According to the science, calcium ions are needed in the mash water for the enzymes in malt to fully convert the starches. In theory, calcium deficient hot liquor should lead to lower conversion and efficiency. There must be some calcium in malt, but I don't know if it's enough? I take science on board, but to me, personally, brewing is not a science, but a craft, and in some ways, an art. But the bits science tells us are handy to know.

In any event, Sydney and Wollongong's water is soft enough for measures such as "a handful" of calcium carbonate and a pinch of calcium chloride, etc to produce the desired effect, which is "enough" calcium and a suitable pH for mashing, and a good mineral profile to enhance hop flavours. I don't know if microgram accurate scales for adding minerals would help me make better beer, but I doubt it.

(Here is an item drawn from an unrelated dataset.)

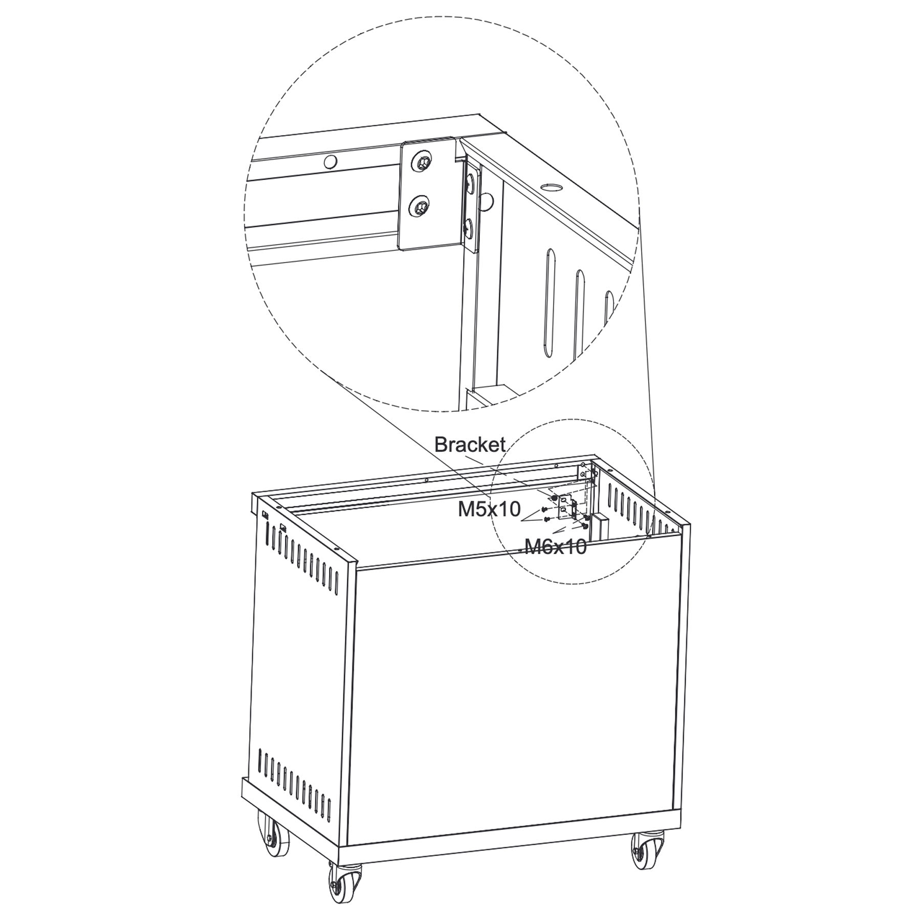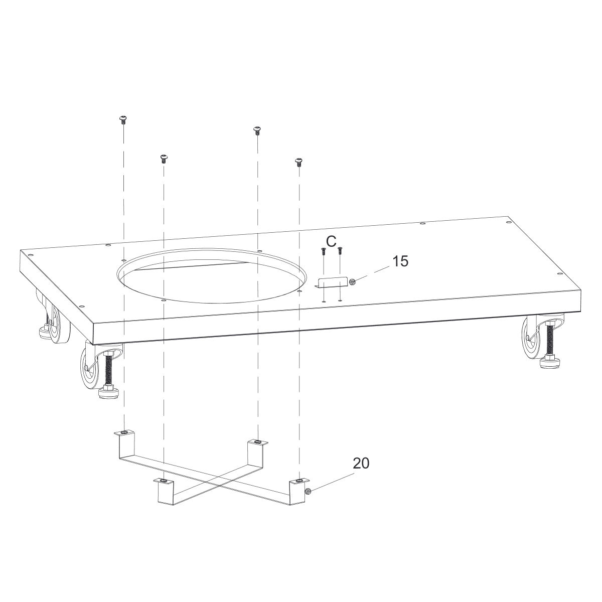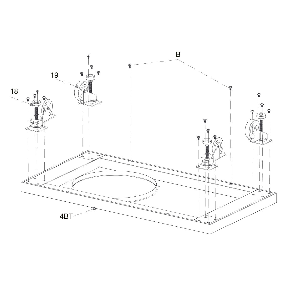 Attach 2 lock casters (18) and 2 casters (19) to the corners.

Going back to David's analogy of the engineer with an axe, I don't find the analogy completely apt. We are making beer, which has some pretty huge tolerances, not highway bridges or skyscrapers. I'm not sure what Dave's chalk-line drawing, axe wielding engineer is building exactly, but if he's chosen those tools, he must think there is enough tolerance in his project. If not, it is doomed to failure.

I treat my brewery as more of a kitchen than a science lab, and although my beers will not always be identical, even when following the same "recipe", it's not a big deal to me, just as one pasta sauce might be more garlicky than the next. Recent infections and yeast issues aside, I enjoy all the beer I brew, such as the 1.080 IIPA that just found it's way into a cube. The malt and hop aroma coming out of the kettle was awesome. I just threw in "some" hops as the wort boiled. Yes, and a handful of calcium carbonate, a pinch of Epsom Salts and about a teaspoonful of CaCl.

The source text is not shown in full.